Anand Krishna

Posted on Feb 16

RealityCheck CLI — Turn Legal Contracts into Decision-Grade Risk Intelligence

#githubcopilot #python #cli #githubchallenge

GitHub Copilot CLI Challenge Submission

This is a submission for the GitHub Copilot CLI Challenge

What I Built

RealityCheck CLI is a Python command-line tool that transforms legal contract PDFs into structured, actionable risk intelligence — not summaries, but real decision-grade analysis you can act on before signing.

Most people sign contracts they can't fully parse. RealityCheck makes the risk explicit, structured, and actionable.

The Problem

You receive a consulting agreement, employment contract, or NDA. It's 8 pages of dense legal text. You skim it, maybe worry about a clause or two, and sign anyway. Sound familiar?

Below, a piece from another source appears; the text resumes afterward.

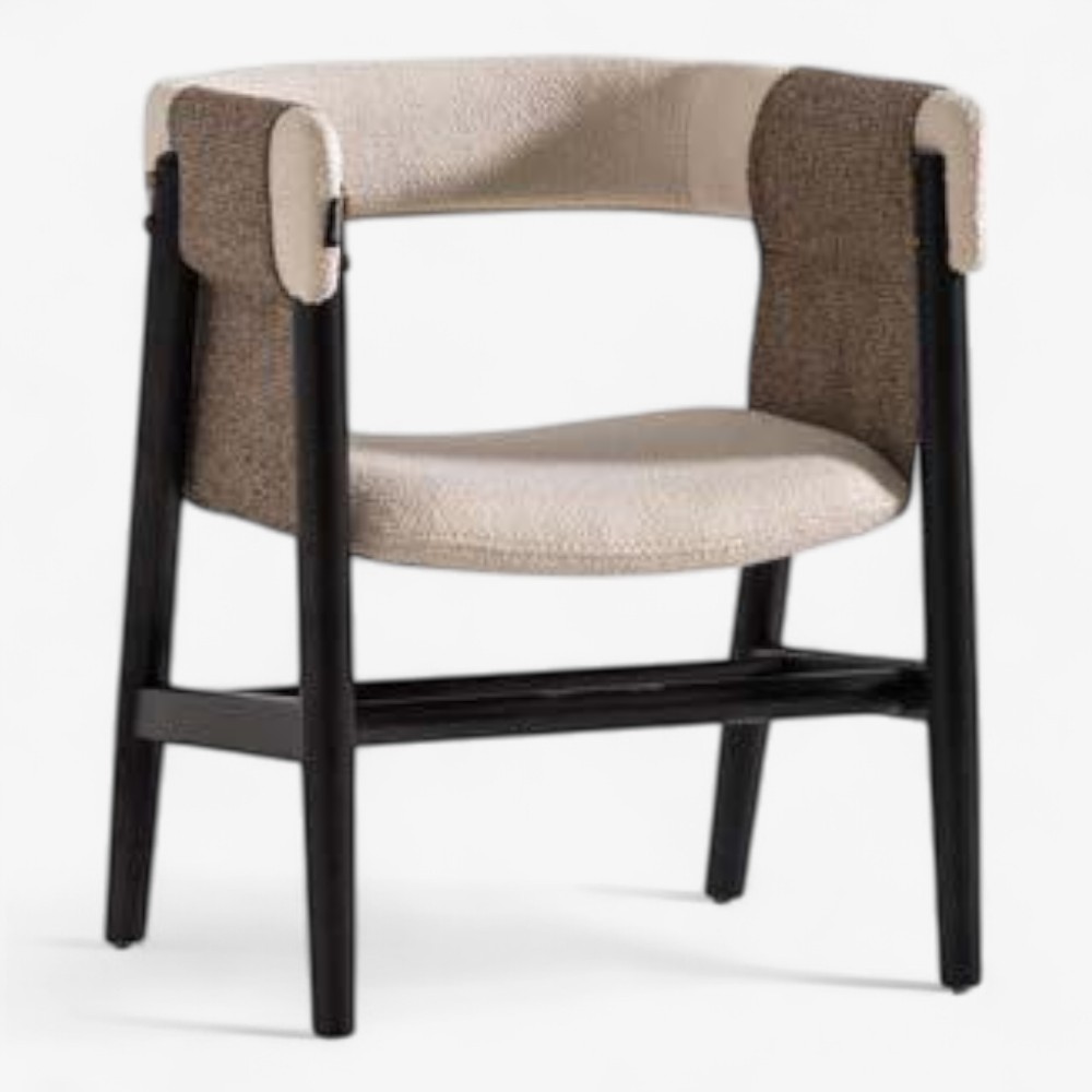 The Babil chair is a true statement of refined contemporary design. Featuring a distinctive curved backrest and armrests, it blends light textured fabric with dark wood tones to create a sophisticated aesthetic. The light brown leather backrest and beige cushioned seat offer superior comfort, while brass bolt accents bring a subtle industrial flair. Its sturdy black wooden legs ensure durability and stability, making it a stylish and practical choice for high-end dining spaces, hotel lobbies, or luxury lounges.

The gap between "I read it" and "I understand the risk" is where people get burned — unlimited liability exposure, one-sided termination rights, overbroad IP assignments, missing payment protections.

The Solution

RealityCheck CLI takes any contract PDF and produces:

5 quantified risk metrics — Overall Risk Score (1-100), Power Imbalance (0-100), Ambiguity Index (0-100), Protection Coverage (0-100), and an original Leverage Index™ (0-100) showing your negotiation strength
Clause-by-clause classification across 7 legal categories (Non-Compete, IP Transfer, Liability, Termination, Financial Risk, Privacy, Neutral)
Signal detection — flags vague language ("sole discretion", "without notice"), one-sided rights, liability expansion, and missing protections
Missing protections scan — checks for 6 critical protections: payment timeline, termination notice, cure period, liability cap, breach notification window, IP retention
Negotiation-ready outputs — auto-generated email drafts with specific clause rewrites, ready to send to the counterparty
Contract comparison — diff two versions of a contract to catch new risks, expanded liability, or extended non-compete duration between drafts
Optional LLM enrichment — plug in Google Gemini for deeper clause classification alongside the fast heuristic engine

Architecture

PDF → [ingest] → [clauses] → [analysis] → [scoring] → [negotiation] → [output]
                                  ↕                                        ↕
                              [llm_client]                          [comparison]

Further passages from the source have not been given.